We entered Charleston on the Ashley River side, and anchored, but as we swung around, we were too close to another boat.  Since the depth in the anchorage was 30' (requiring a lot of chain), the anchorage was crowded, heavy winds were coming the next day, no slips were available, AND there was no pump-out to be had in the area, we decided to go over to the Cooper River side where we could get a pump-out and a reservation for the next night when the winds were to be heavy.  There, we got a pump-out at Charleston Maritime Center, and ended up staying there that night, too.

Charleston ... well, that will be the subject of the next blog entry!

BTW we passed the 1000 nautical mile mark on the passage from Morehead City to Wrightsville Beach!!!  Remember, this is at a speed of around 6 mph!!!

Sunday, November 24, 2013

Dismal and Joyful

Dismal and Joyful
Dismal Swamp through Elizabeth City, where we visited with Joy, Cole, and Jim!

Thursday, November 7, 2013 -- Next on our social calendar was a dinner date in Elizabeth City on Saturday, Nov 9, with Dorothy's niece Joy Hampton, her son Cole, and fiancé Jim Cole.  Elizabeth City is on the ICW route south.  From Norfolk, there are actually two ICW routes south, the Virginia Cut route (the busier / more travelled route to Coinjock) and the Dismal Swamp route, which ends at Elizabeth City.  We planned to leave Norfolk on Friday, taking the Dismal Swamp route, staying over at the North Carolina Welcome Center mid-way, and getting in about 2 pm on Saturday.  However, it came to our attention Wed evening that the Great Bridge Lock of the VC route was unexpectedly closed for repairs, and might be for some time -- and furthermore, rumor had it that hundreds of boats were queued up at the Deep Creek Lock in the Dismal Swamp, and that boats were setting out from Norfolk and returning, unable to get through.  Dismal!
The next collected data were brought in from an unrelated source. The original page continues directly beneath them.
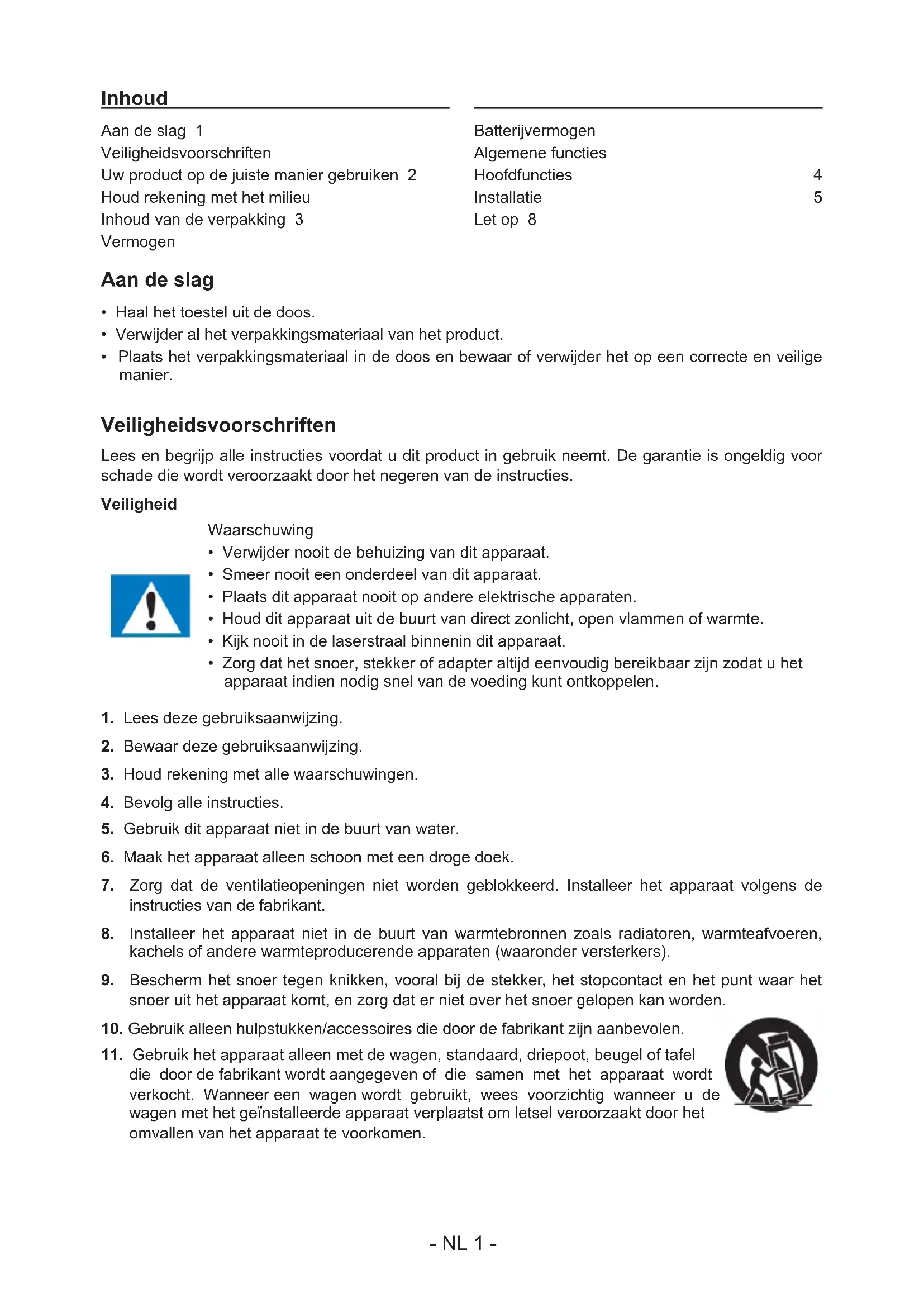 ALVORENS DEZE EENHEID TE BEDIENEN, EN BEWAAR DIT BOEKJE VOOR UW ADMINISTRATIE. NL- NL 1 - Inhoud Aan de slag 1 Veiligheidsvoorschriften Uw product op de juiste manier gebruiken 2 Houd rekening met het milieu Inhoud van de verpakking 3 Vermogen Batterijvermogen Algemene functies Hoofdfuncties 4 Installatie 5 Let op 8 Aan de slag
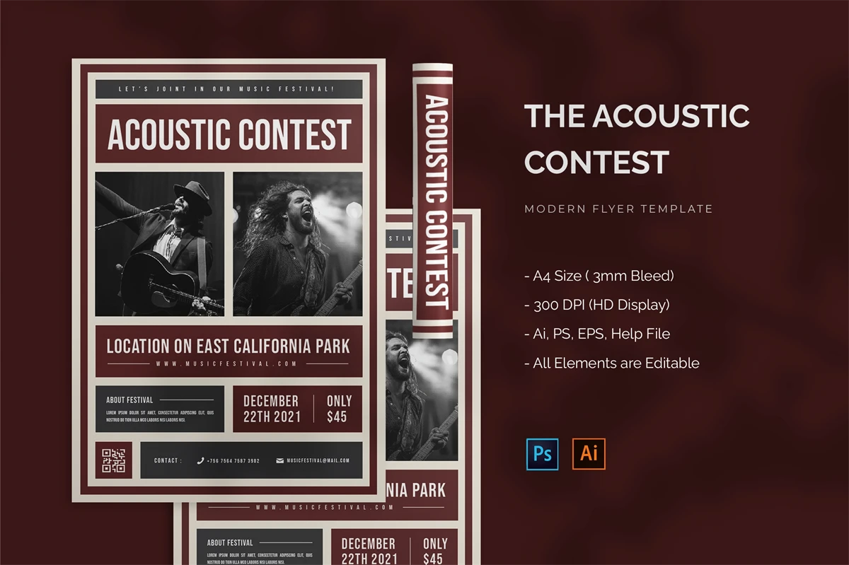 Acoustic Contest - Flyer. This Flyer template is designed for your company's business needs. very clean and elegant, and also easily edited and adjusted to your liking
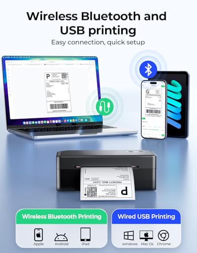 User-Friendly Design: Compact and portable, the Bluetooth thermal printer is designed for easy use in any workspace. The package includes the 4×6 label printer, USB cable, test labels, user manual, and power adapter, so you can set up the printer with ease. If you have any questions, feel free to contact us

Thursday morning we were considering all options, including going offshore (which would unfortunately bypass Elizabeth City), as we really had to be moving south -- the weather was getting colder, with more northeasterly storms, and we had a couple more benchmarks to make further south.  We had the brilliant idea that, rather than planning based on rumor, we could call the Deep Creek Lock Master and find out exactly what was going on down there.  He said he had locked through 30-odd boats the day before, including an extra opening, but today he only had three boats at the 8:30 am opening, and currently had two waiting for the 11:00 am opening.  Maybe this was because it was raining, who knows, but it seemed wise to go asap.  I said, "we're on our way, see you at the 1:30 pm opening!"  We quickly organized ourselves and got off at about 10 am.  (Moral of the story: Always get the facts yourself!)

There are two locks to go through in the Dismal Swamp route.  The first is about 10 miles in, Deep Creek Lock.  In the Deep Creek Lock you drop about 8 feet.  Below is the boat in front of us in the lock (Beaugolais,  owned by Mike and Thelma Churcher, from Nova Scotia, who we enjoyed wine and hors douvres with that night):
Boat ahead of us in Deep Creek Lock, upon entry and tie-up
When the water floods into the lock, it is fairly turbulent, particularly for the boats in the front of the lock.  Those boats need to hold their sterns in, or the flooding water will push the stern out and drive the bow into the side of the lock.
Water flooding into Deep Creek Lock

Boat in front of us in Deep Creek Lock, after rising about 8 feet
We took the photo below from well below-grade level.  The Dismal Swamp Canal goes back to 1805.  Gliding along through the canal today is quite bucolic, far from dismal, but it was dug by hand by enslaved workers with shovels, working and living in truly dismal conditions, we imagine.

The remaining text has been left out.